The first match clause matches on an empty list ([]) and the second matches on a list construction. The head element is bound to the identifier h and the tail to the identifier t. Looking at the output from printfn, h is a value of type string (denoted by the surrounding double quotes) and t is a value of type list of string. Notice that when t is an empty list its string representation is the same as the pattern used to denote an empty list.

Next I wanted to a match rule to find the last element in the list, that is where there is a value for head and the tail is an empty list. So I added a rule that combined the previous two and matched on a list constructed with a head and an empty list.

let rec listWalk list =
 printfn "-----";
 match list with 
 | [] -> printfn "Empty List";
 | h::[] -> printfn "Last element is %A" h; 
 | h::t -> printfn "Head is %A" h; printfn "Tail is %A" t; listWalk t;; 

Using the same list of words as above.

> listWalk l;;
-----
Head is "A"
Tail is ["string"; "of"; "words"]
-----
Head is "string"
Tail is ["of"; "words"]
-----
Head is "of"
Tail is ["words"]
-----
Last element is "words"
val it : unit = ()

This time the rule for an empty list ([]) did not match because a recursive call was not made when a list with a single element was detected.

There is an easy mistake to make when using match patterns like this though. The patterns h::t and h::[] will both match the pattern of a list with one remaining element, as [] just means an empty list.
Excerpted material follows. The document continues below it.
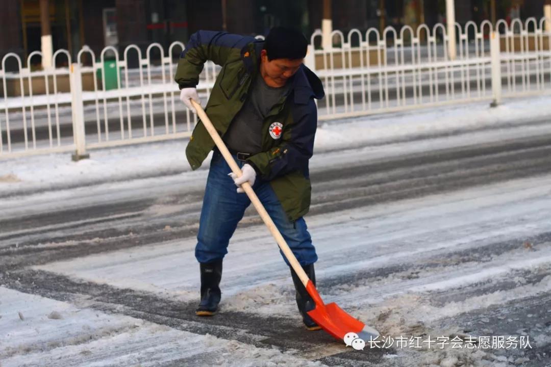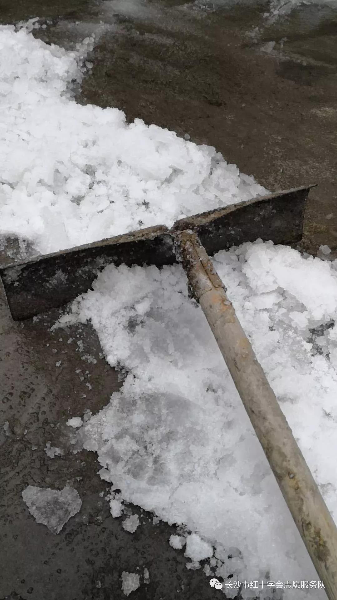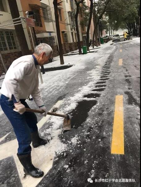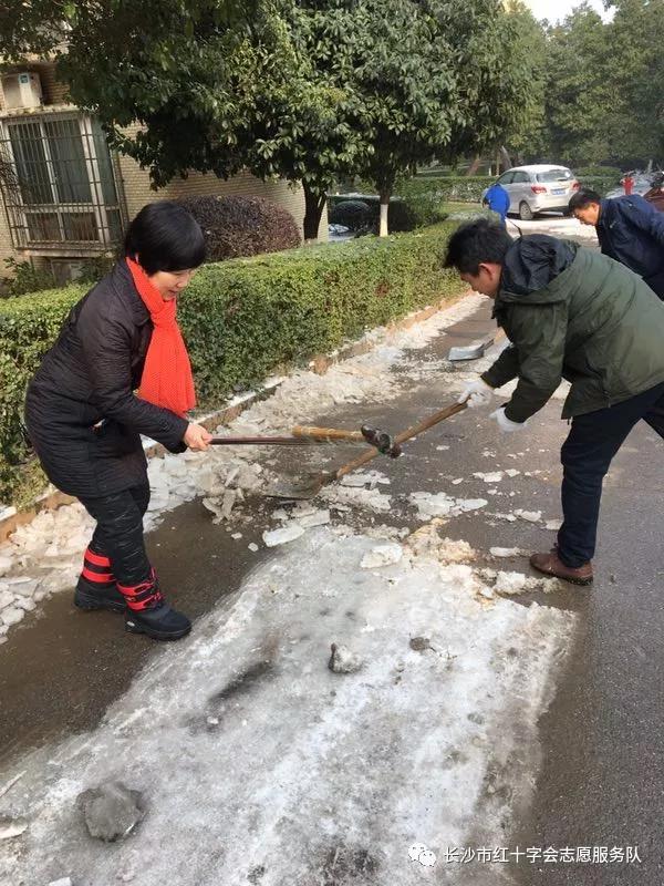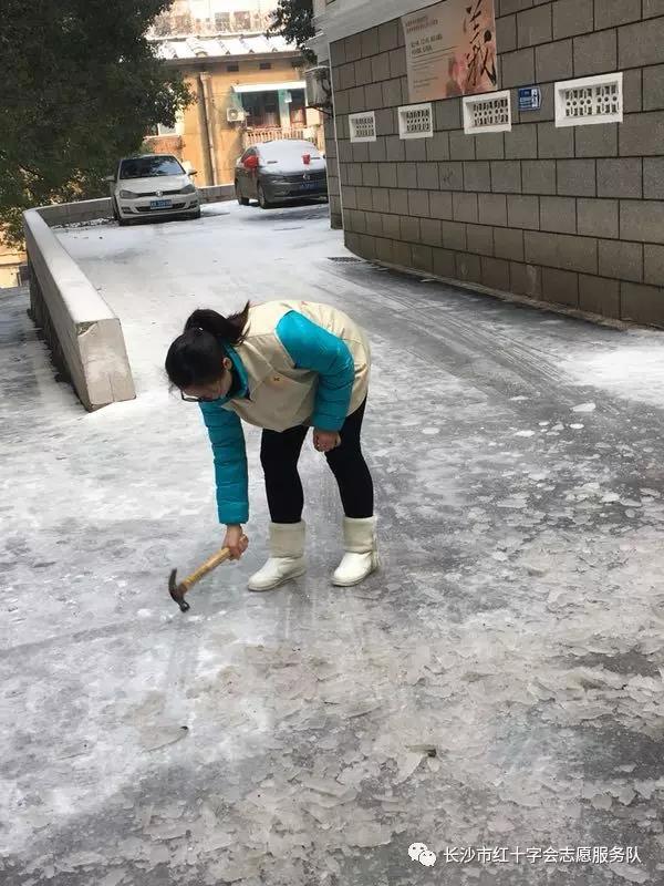 长沙市红十字会志愿服务队陈旭队长带着队员们加入到了除冰大军中。

So if the rules are sequenced incorrectly my new rule to detect the last element in the list will not work.

let rec listWalk list =
  printfn "-----";
  match list with 
  | [] -> printfn "Empty List";
  | h::t -> printfn "Head is %A" h; printfn "Tail is %A" t; listWalk t;
  | h::[] -> printfn "Last element is %A" h;;

Results in…

> listWalk l;;
-----
Head is "A"
Tail is ["string"; "of"; "words"]
-----
Head is "string"
Tail is ["of"; "words"]
-----
Head is "of"
Tail is ["words"]
-----
Head is "words"
Tail is []
-----
Empty List
val it : unit = ()
>

In fact the compiler is able to work this out outputs a warning when compiling the function.

warning FS0026: This rule will never be matched.

Of course if all I wanted to do was iterate over a list there are many functions in the List Module that would be a better choice. For example using one of the four iter(ation) functions.

let listWalk list =
  printfn "-----";
  list |> List.iter (fun e -> printfn "Element is %A" e);;
> > listWalk l;;
-----
Element is "A"
Element is "string"
Element is "of"
Element is "words"
val it : unit = ()
>

Matching patterns in F#

Patterns in F# are kind of like switch statements in C#, but much more powerful. For my first experiment with them I decided to see if I could find a word in a sentence. This is definitely the wrong way to go about solving this problem, calling String.Contains() would be easier. But I am still very much learning the language and this is the first step in investigating whether patterns would be of use solving another problem I have in mind.

So with that in mind lets get started in F# interactive mode and the #light syntax.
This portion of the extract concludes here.